Or-Expansion threats
A critical difference between Concatenation and Or-Expansion is that the OR’ed access predicates for the driving table must all be indexed before Concatenation can be used. The same restriction is not required for Or-Expansion and this means the optimizer will spend more time considering more execution plans while optimizing the query. Consider a query joining table tA
and table tB
with the following where clause:
SELECT {list of columns} FROM tA, tB WHERE (tA.indexed_column = 'Y' or tA.unindexed_column = 'N') AND tB.join_column = tA.join_column AND tB.another_indexed_column = 'X' ;
This could be expanded to:
WHERE tA.indexed_column = 'Y' AND tB.join_column = tA.join_column AND tB.another_indexed_column = 'X' ... UNION ALL ... WHERE tA.unindexed_column = 'N' AND tB.join_column = tA.join_column AND tB.another_indexed_column = 'X' AND lnnvl(tA.indexed_column = 'Y')
This expansion would not be legal for Concatenation because (as indicated by the choice of column names) there is no indexed access path for the predicate tA.unindexed_column = ‘N’, but Or-Expansion would allow the transformation.
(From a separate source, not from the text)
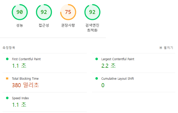 분명 접근성과 SEO를 고려하면서 작업했다고 생각했는데 결과가 92점이네요. 낮은 점수는 아니지만 완성도 높은 서비스를 만들기 위해 개선 작업을 해보겠습니다.
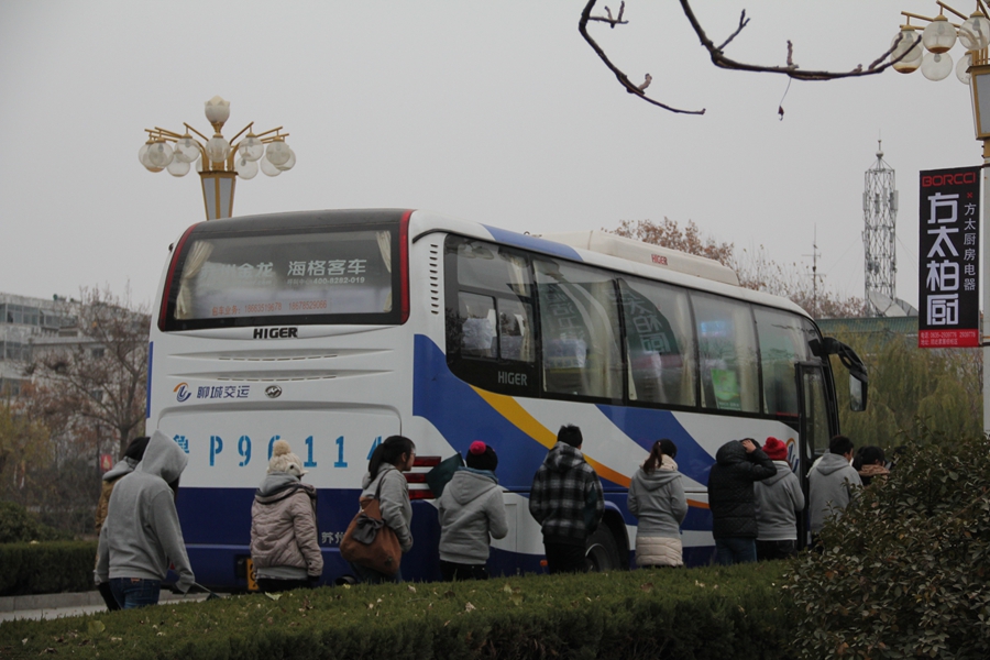 一天的行程到此結束,導游計調組的成員有序排隊上車。

At first sight that might seem like a silly choice – but now that the optimizer has two separate query blocks to examine, one of the options open to it is to produce a plan where the first query block uses an index into tA
followed by a nested loop into tB
while the second query block uses an index into tB
followed by a nested loop into tA
.
Generally we would expect the improved performance of the final plan to more than offset the extra time the optimizer spends investigating the extra execution plans but there are patterns where the optimizer tries too hard and things can go badly wrong; here’s an example from a few years ago that modelled a production performance problem:
drop table t1 purge; CREATE TABLE t1 AS WITH GENERATOR AS ( SELECT --+ materialize rownum id FROM dual CONNECT BY level <= 1e4 ) SELECT rownum id1, rownum id2, rownum id, lpad(rownum,10) v1, rpad('x',100) padding FROM generator v1, generator v2 WHERE rownum <= 1e5 -- > comment to avoid -- wordpress format issue ; CREATE INDEX t1_i1 ON t1(id1, id2); SELECT * FROM t1 WHERE ( id1 = 1001 AND id2 in (1,2)) OR ( id1 = 1002 AND id2 in (2,3)) ... OR ( id1 = 1249 AND id2 in (249,250)) OR ( id1 = 1250 AND id2 in (250,251)) ;
I’ve removed 246 lines from the query but you can probably see the pattern from the remaining 4 predicates. I didn’t write this query by hand, of course, I wrote a query to generate it. If you want to see the entire script (with some variations) you can find it at https://jonathanlewis.wordpress.com/2013/05/13/parse-time/
Running version 19.11 on my sandbox this query took 21.2 seconds to parse (optimize) out of a total run time of 22.1 seconds. The session also demanded 453 MB of PGA (Program Global Area) memory while optimizing the query. The execution plan was a full tablescan – but the optimizer spent most of its time costing Or-Expansion before discarding that option and picking a simple tablescan path.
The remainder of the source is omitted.